The Connection Request Policy confirms the request is coming from a wireless device. The Network Policy validates the certificate is from the root domain CA and the user credentials are tied to the correct security group. The “RADIUS clients and servers” configuration is wholly dependent on your wireless implementation. 

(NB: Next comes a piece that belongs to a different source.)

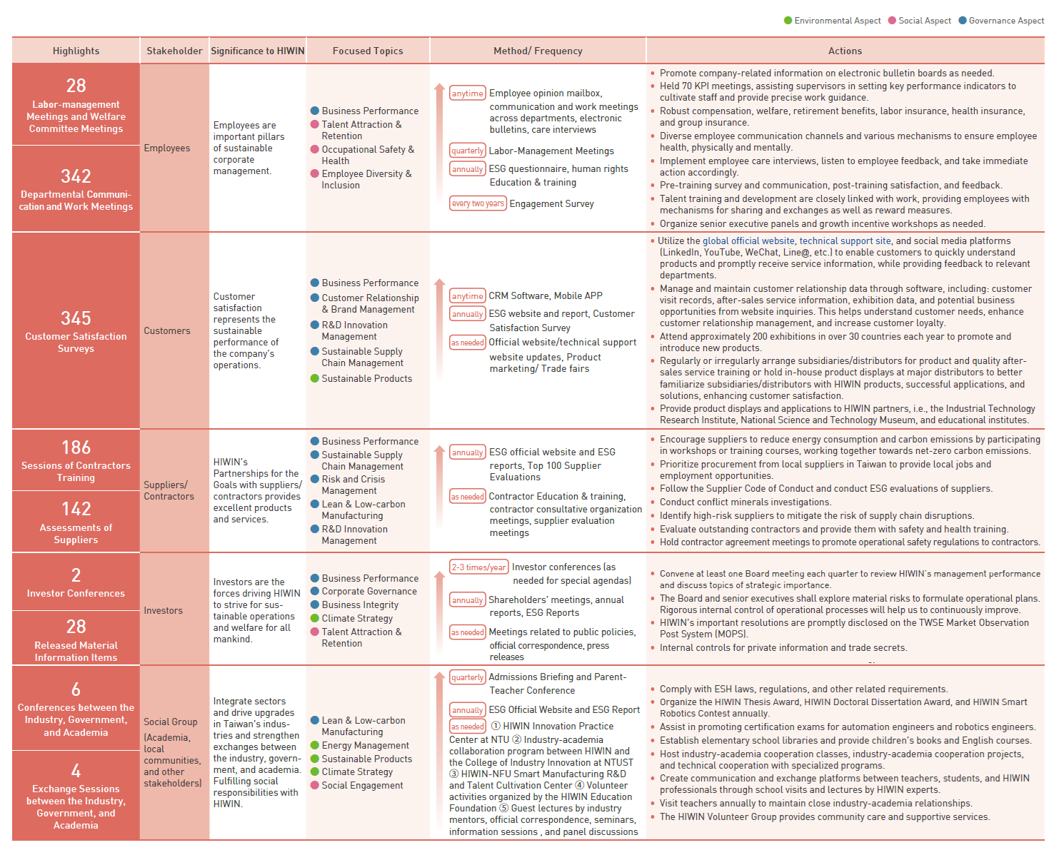 HIWIN identified its sustainability report’s stakeholder groups based on the five core principles of the AA1000 Stakeholder Engagement Standards (SES): Dependency, Responsibility, Tension, Influence, and Diverse Perspectives. Through this process, HIWIN identified 6 key stakeholder groups: employees, customers, suppliers/contractors, investors, industry associations, and community organizations.

 Google Workspace Admin Console 

  1. Log into the Google Workspace admin console with administrative privileges.
  2. Expand “Devices” in the left navigation tree.  Select “Networks."
    Google Workspace Networks
  3. In the middle navigation tree, select the OU where the devices you want to join the RADIUS SSID are located. In this example, there is a “STUDENTS” OU.
  4. Click on the “Certificates” section.
    Google Workspace Certs
  5. Upload the certificate you exported from the CA. Give it a friendly name. Mark the checkbox by “Chromebook.” Click the “ADD” button.
    Google Workspace Add Cert
  6. In the middle navigation tree, select the OU where the student Chromebooks are located and click on the “Wi-Fi” area. 
  7. Click “ADD WI-FI."
  8. Fill in the following settings:   
    1. Checkmark by “Chromebooks"
    2. Name of wifi-network
    3. SSID of configured RADIUS network
    4. Checkbox by “Automatically connect”
    5. Security types is “WPA/WPA2 Enterprise (802.1X)”
    6. Protocol is “PEAP"
    7. Inner protocol is “Automatic”
    8. Username/password is the service account you created previously. Put in AD username and password.
    9. Server Certificate Authority; select the cert you uploaded in step 5.
    10. IP setting, accept defaults.
    11. Click on the “SAVE” button.
      Google Workspace WiFi 1
      Google Workspace WiFi 2
  9. Test, test, and test some more.

The final step of the process is to upload the certificate to the Google Workspace admin console, configure the RADIUS wifi network to use the service account already created, and automatically connect to the RADIUS network w/the AD credentials, confirmed by the presence of the certificate provided by the domain CA.

Summary

While this solution doesn't allow for the user granularity that a normal RADIUS deployment would, it allows for automated deployment and added security utilizing certificates and Active Directory authentication - instead of simply using MAC addresses that can be spoofed or a WPA key that would allow anyone with the password access to your secure network.

We hope this will save you some time and headache in deploying wireless to your next wave of Chromebooks.